Interactive Card Discard Game

This is an interactive problem. Two players, small R and small M, initially hold m cards each. There are n types of cards, numbered from 1 to n, and it is guaranteed that each player initially has at least one card of every type.

Players can see each other’s hands. They take turns discarding exactly one card until only one card remains in each hand. The players discard in turns with small R taking the first move. Let the last card in small R’s hand be \(u\) and in small M’s hand be \(v\). Then small R’s score is \(a_{u,v}\) and small M’s score is \(-a_{u,v}\). Both players aim to maximize their own scores.

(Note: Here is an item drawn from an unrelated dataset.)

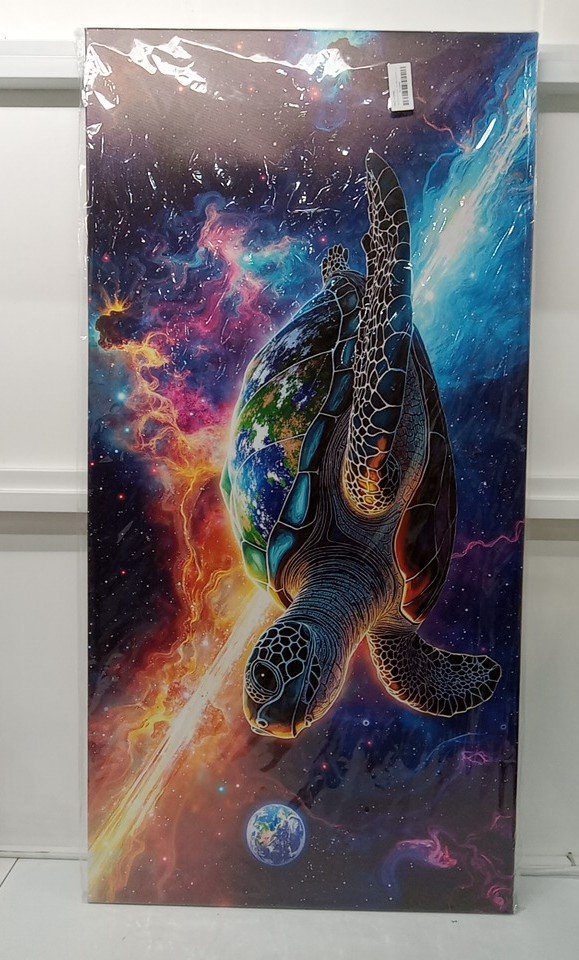 modern cosmic turtle framed canvas wall art - 24" x 48" - assorted colours

You will simulate a game with an interactive library. If you are given \(c = 0\) then you play as small R; if \(c = 1\) then you play as small M. Your goal is to achieve a final score at least as high as what both players would obtain if both played optimally.

Note: Though the game has a rich strategic structure, for the purpose of this problem you may use any strategy that guarantees a valid output following the game protocol. In our sample solutions, a simple strategy of discarding the smallest available card is used.

inputFormat

The first line contains three integers \(n\), \(m\), and \(c\) separated by spaces.

The next \(n\) lines each contain \(n\) integers. The \(j\)th integer in the \(i\)th line denotes \(a_{i,j}\) (the score when small R’s final card is \(i\) and small M’s final card is \(j\)).

The next line contains \(m\) integers representing small R’s initial hand (each integer is between 1 and \(n\)).

The following line contains \(m\) integers representing small M’s initial hand.

It is guaranteed that each player has at least one card of each type initially.

outputFormat

This is an interactive problem. On each of your turns, output a single integer in a new line: the card you choose to discard from your hand. Do not output anything on the opponent's turns.

Flush the output after each move.

sample

3 1 0
1 2 3
4 5 6
7 8 9
1
2